Diversification: Individual Stocks as a Proxy for Financial Sector ETFs

Includes: EMFN, FGEM, IPF, XLF
by: Roger Nusbaum

One of the benefits of ETFs, even narrow ones, is that they help investors avoid single stock risk. While stock picking does not have to be unsolvable, black box work, many investors, including professionals, would rather not pick stocks. Broad based funds allow for capturing asset class diversification and narrow based funds, depending on how they are used, can replicate many attributes of a portfolio consisting of individual stocks up to a point which is a democratizing force I've mentioned before.

What if an ETF is riskier than holding individual stocks? Is this even possible? I believe it is and no the context is not the structure of a fund like a derivatives based product.

Someone looking to build a portfolio comprised of narrow based funds would, I think, need to make some sort of decision about the financial sector. If you look at most of the financial sector ETFs, they all seem to be heaviest in some lousy companies. I continue to believe that banks (the ones that are most likely to be heavy in these funds) in the US, Europe, Japan and China stink. How could someone who agrees with that buy Financial Select Sector SPDR ETF (NYSEARCA:XLF) or SPDR S&P International Financial Sector ETF (NYSEARCA:IPF) (as examples)? Obviously some folks think these banks are good investments right here and maybe they'll be right, but I think that is a long way off.

Other ETF alternatives in the sector include narrower bank funds which might work for some people, there are a couple of capital markets funds but they have investment banks in them, PowerShares has a small cap fund. One other place to look would be country funds that are heavy in financials. For example, iShares Singapore (NYSEARCA:EWS) has 44% in financials and there are many other funds with financial weightings in the same ballpark. Whether this type of exposure counts as a proxy is really up to the end user.

So, anyone wanting at least some financial exposure, but thinking the ETFs are too flawed to own, will need to consider individual stocks. Our firm has some accounts that size-wise are ideally suited to one or two holdings per sector with the vast majority being ETFs, but for the financial sector I can't really find an ETF I'm comfortable with (iShares Emerging Market Financial (NASDAQ:EMFN) has 30% in China and the EG Shares Financial GEMS ETF (NYSEARCA:FGEM) has 37% in China).

This creates the possibility that individual stocks must be considered as a proxy for financial related ETFs--so to speak.

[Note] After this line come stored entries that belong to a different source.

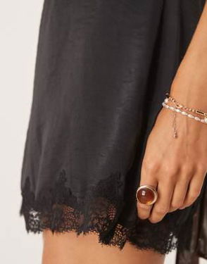 Abercrombie & Fitch High Rise Lace Detail Satin Mini Skort In Black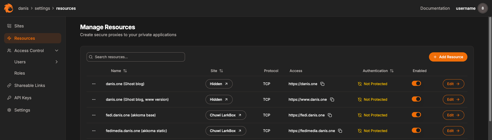 [🖼️ selfhost pangolin] [15] Вот так выглядит кусочек панели панголина Помимо этого он по умолчанию оборачивает весь веб-трафик в Zero Trust подход, когда для доступа к сервису надо пройти авторизацию от самого панголина. В моём случае это довольно редкий кейс, но для корпоративного доступа может быть весьма полезно.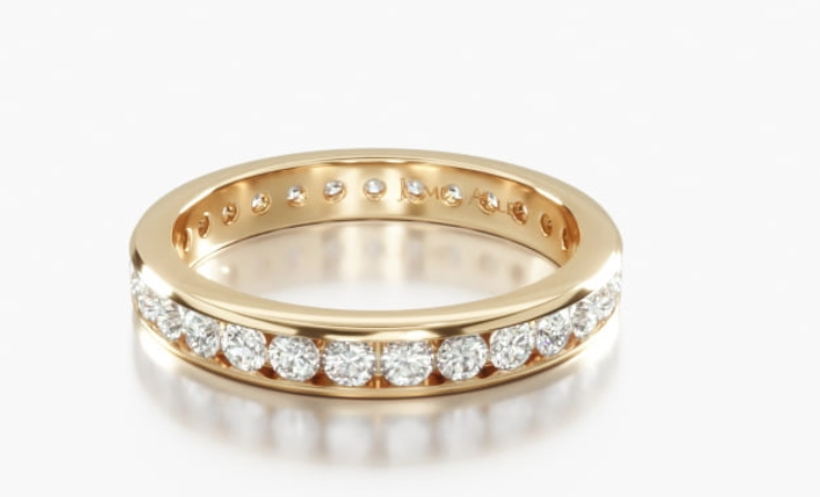 Channel setting is a type of setting where diamonds or other gemstones are set into a narrow groove in the metal of the jewelry. The stones are set side by side, with the edges of the stones touching, creating a smooth, continuous surface. This type of setting is popular for its modern, sleek look, and is often used for engagement rings and other pieces of jewelry. Here are two examples of channel set from JamesAllen and Whiteflash.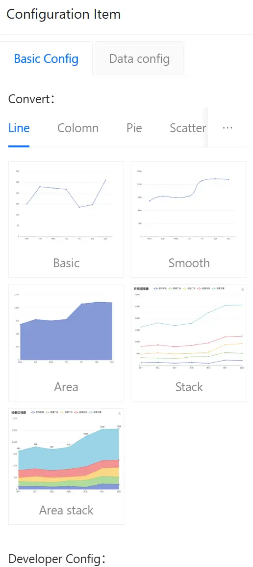 Select a chart, click the "Data Configuration" button on the right to configure the integrated data, click again to collapse the configuration area. Example as follows:

That I might be negatively disposed to financial ETFs really shouldn't mean much to you but if you are someone who uses ETFs, it should underscore the idea that no single wrapper can be ideal for every segment that might be built into a diversified equity portfolio. I would hope that anyone using ETFs would take the time to look under the hood and make a decision or two about what is there. In that context it is possible that for a given fund you will not like what you see and if that is possible then it is also possible that all the funds in a space will be unattractive.

This creates the need for a willingness to consider some individual stocks in a portfolio that is large enough to go narrower than SPDR S&P 500 Trust ETF (NYSEARCA:SPY), iShares MSCI EAFE Index ETF (NYSEARCA:EFA), iShares Russell 2000 Index ETF (NYSEARCA:IWM).